● Brief:
Take the listing from its first line through the line that contains "肌に馴染むと、すべりにくく密着感のある質感に | 詳細を見る | |" and please retype those lines exactly, leaving out the pictures.

● Source information:
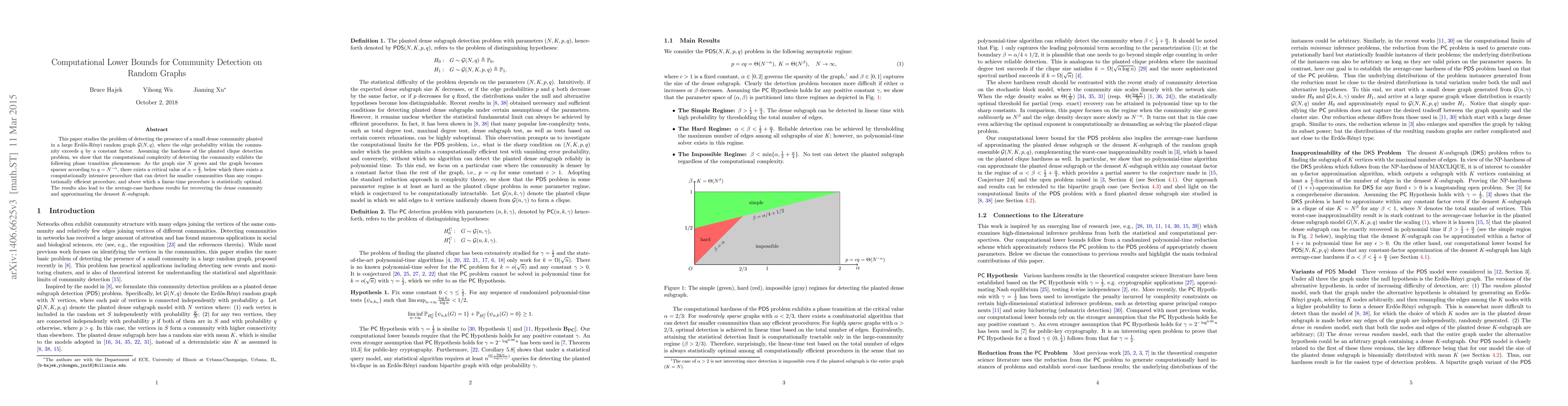 The paper studies the computational complexity of detecting a small dense community in large Erdős-Rényi random graphs, using the hardness of planted clique detection as a basis.
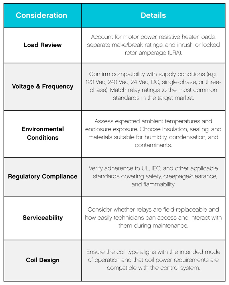 While HVAC relay specifications can be complex, a clear checklist provides a practical framework for guiding the design and selection process.
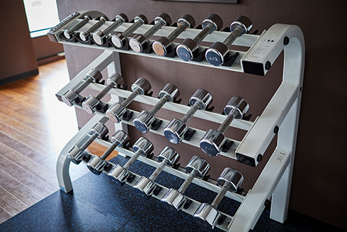 ダンベル、ストレッチエリア、全自動血圧計、体重計
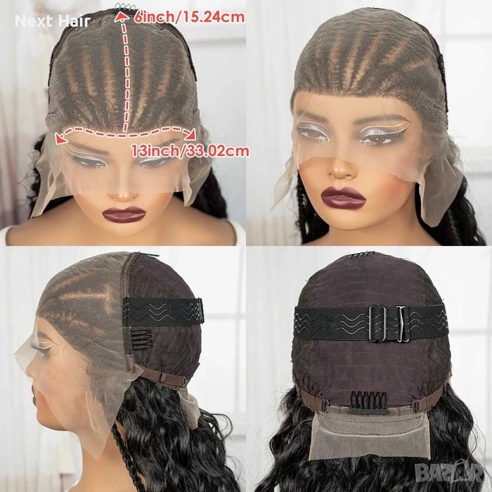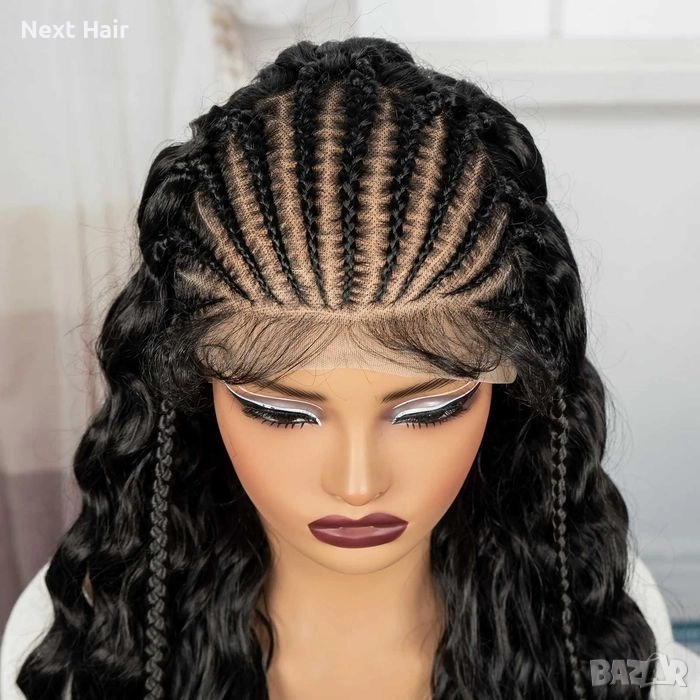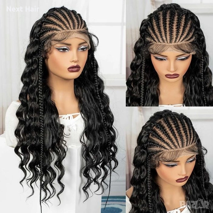Тази висококласна синтетична перука съчетава екзотичен стил и модерен дизайн. В горната част е оформена с прецизни пълзящи плитки, които преминават в ефектна, обемна къдрава дължина. Наситеният черен цвят придава дълбочина и луксозно излъчване, подходящо както за ежедневна визия, така и за специални поводи.
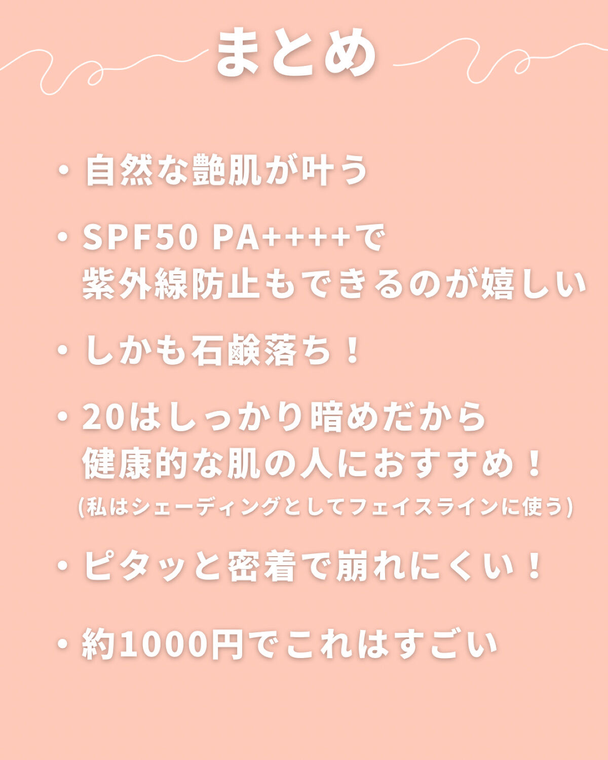 | ファンデーションランキング第20位 | なめらかで伸びがいい◎ 肌に馴染むと、すべりにくく密着感のある質感に | 詳細を見る | |
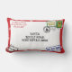 This Personalize Christmas pillow is a Santa letter that you can personalize with your family name in the return address area and you can make your own Santa address or Merry Christmas message in the send address area. This design is a red edged envelope with snowflakes, two Christmas mailing stamps, and three postal marks. A super cute Christmas pillow to celebrate the Christmas season with festive holiday cheer.
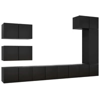 vidaXL TV Cabinet Set 8 Piece Home Living Room Furniture TV Stand HiFi Stereo Cabinet Media Unit Entertainment Center Black Engineered Wood
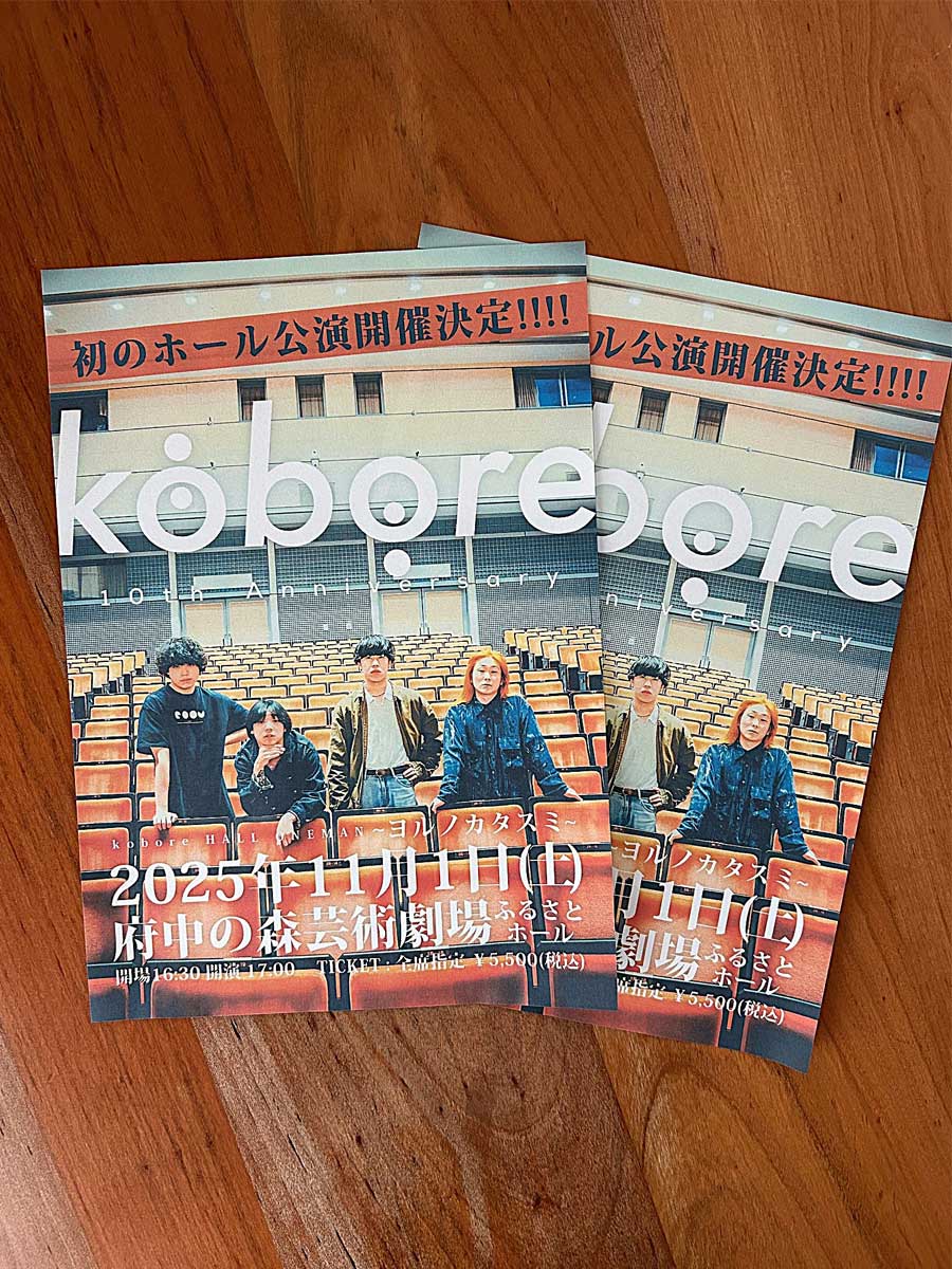 府中発の4人組ギターロックバンド「kobore(コボレ)」が11月1日、結成10年の節目に府中の森芸術劇場(府中市浅間町1)で凱旋(がいせん)公演を行う。

● Written answer:
 The paper studies the computational complexity of detecting a small dense community in large Erdős-Rényi random graphs, using the hardness of planted clique detection as a basis.
 While HVAC relay specifications can be complex, a clear checklist provides a practical framework for guiding the design and selection process.
 ダンベル、ストレッチエリア、全自動血圧計、体重計
Тази висококласна синтетична перука съчетава екзотичен стил и модерен дизайн. В горната част е оформена с прецизни пълзящи плитки, които преминават в ефектна, обемна къдрава дължина. Наситеният черен цвят придава дълбочина и луксозно излъчване, подходящо както за ежедневна визия, така и за специални поводи.
 | ファンデーションランキング第20位 | なめらかで伸びがいい◎ 肌に馴染むと、すべりにくく密着感のある質感に | 詳細を見る | |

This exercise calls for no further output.